A Weekend Farm Update

garlic curing

Buster stands hypnotized as our aged cat, Chip, gingerly crosses the porch. It is 5 a.m. and the rat terrier is on high alert: “If I squint just right that could be a rat.” I call his name and the spell is broken. We —dogs, cat, and me — resume our predawn reverie in peace. A little drizzle is just beginning to fall in what is forecast to be a rainy Sunday. Which reminds me that I never did clean the gutters. It’s a task best remembered when the rainwater is overflowing along the whole of the roof’s little canal.

I came outside with my coffee hoping to be favored with the pulsing din of the cicadas. In spring and summer of 2004, we sat out most evenings until late into the night, not talking, letting the deafening chorus envelop us. But this morning, like last evening, like all season, it is quiet. Friends report the emergence of Brood X in Blount, two counties away. Here in Roane, there are only the usual sounds of birds, crickets, a few echoing roosters up and down the valley, and the bass of a bullfrog setting the rhythm in the backyard pond.

Beyond today’s gutter cleaning, my mental list of what needs doing is short. Depending on the rain, I need to finish the garlic harvest. Yesterday I pulled up all the red onions and half the garlic (200 and 100, respectively); I then laid them out on tables in the barn to cure before storing under the stairs inside for future use. I also finished cutting up two felled trees, tossing the logs into the bed of the old farm truck, where they’ll stay until the truck is required for something else. Later in the morning, the Kid and I walked up and down hills disassembling the electric fence and restringing it elsewhere, a task we do each Saturday.

The Kid continues to work out well. He tackles the farm chores if not with finesse, with gusto. Other than hand weeding, that is. It is a fact universally acknowledged that a 13-year-old boy doesn’t want the piddly tasks. Experience (and I speak here with authority gleaned from dim personal recollection) has taught that they want the sweaty, testosterone-pumping, tear into it, get ‘er done kind of work.
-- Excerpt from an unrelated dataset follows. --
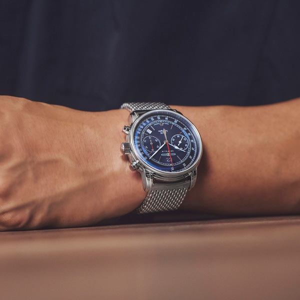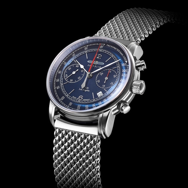 スイス製機械式クロノグラフ搭載。国内ZEPPELINの最高スペックの新作が登場。1924年にドイツ、フリードリヒスハーフェンのツェッペリン工場で誕生し、ドイツ政府からアメリカに譲渡された飛行船「LZ126ロサンゼルス号」をモチーフにデザインしたハイスペック・クロノグラフです。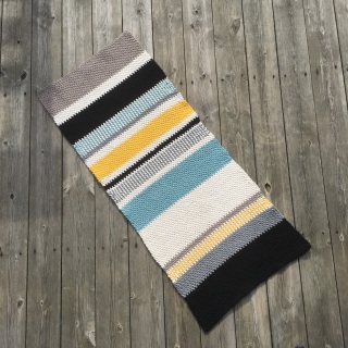 It is of course possible to vary the colors and stripe pattern on this table runner. To make parts with thin stripes in 2 colors you need to make each other round with each of the 2 colors. Follow the color code below if you’d want exactly the same colors and stipes as me.

Great for us, because we always have that work to do on the farm. Yesterday the Kid and I tore into it and got ‘er done, which today leaves me in an exertion avoidance mode.
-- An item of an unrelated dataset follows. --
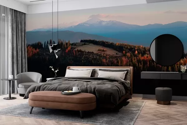 Fotomurales Montañas de los Cárpatos, textura al óleo, bosque otoñal, cielo al atardecer Nr. w04098

Maybe some kraut or kimchi making is in the pipeline for this afternoon? The garden is loaded with cabbages. It is time to use them or feed them to the pigs, the snails, and the fluttering cabbage whites. Everyone gets to eat on this farm.
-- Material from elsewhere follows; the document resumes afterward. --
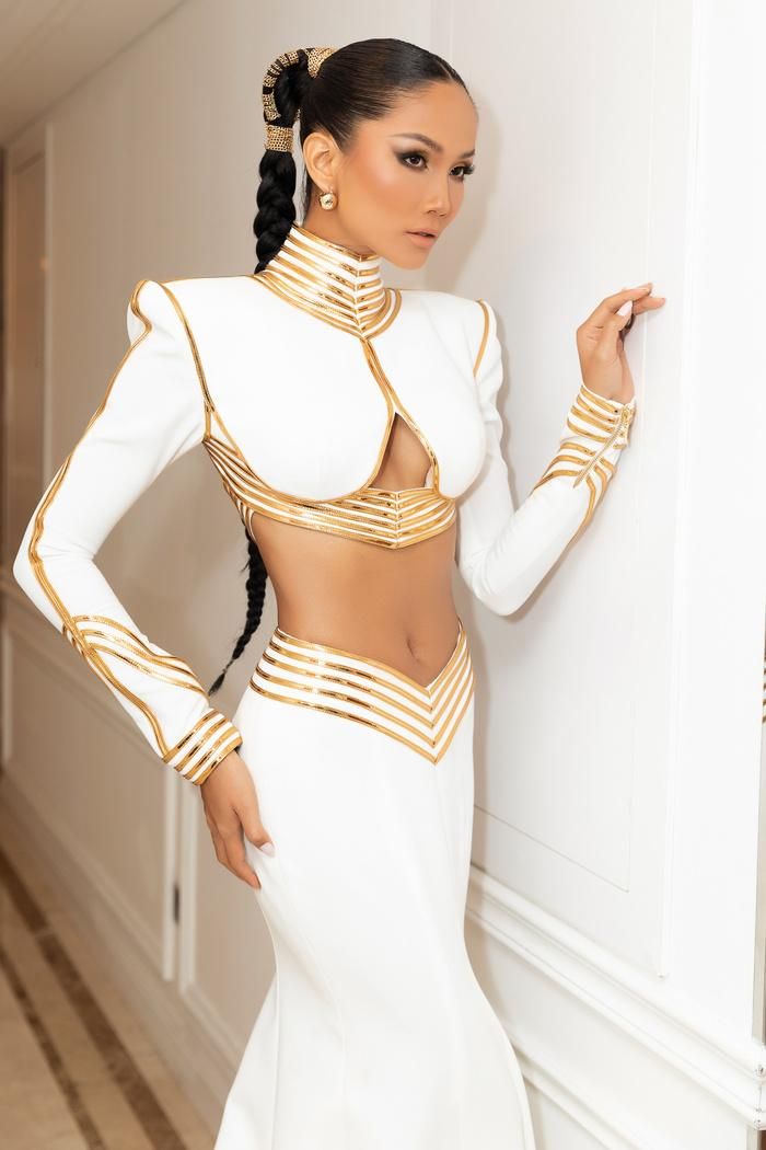 Đến với đêm chung kết, nàng hậu 9X sải bước tự tin trong bộ váy dạ hội có tông màu trắng và gold kết hợp những đường cut out tinh tế, chuẩn xác làm tôn lên mọi đường cong rực rỡ. Thiết kế còn làm tôn lên chiếc eo 59cm cùng tấm lưng trần nuột nà của H'Hen Niê bởi những khoảng hở hết sức tinh tế.

Yesterday morning I was in the gardens by 6 a.m., feeling giddy at the start of the day. I had that goofy, grin-on-the-face feeling that all is right with the world if one lives in East Tennessee on a small farm with a full day ahead. Many days are like that, most even. That the day ended with us sitting on the back deck gorging on steaks, salad, new blue potatoes, and grilled asparagus and spring onions solidified my first impression. The only thing that could have improved a perfect day was for the sun to have set to the accompaniment of serenading cicadas seeking love.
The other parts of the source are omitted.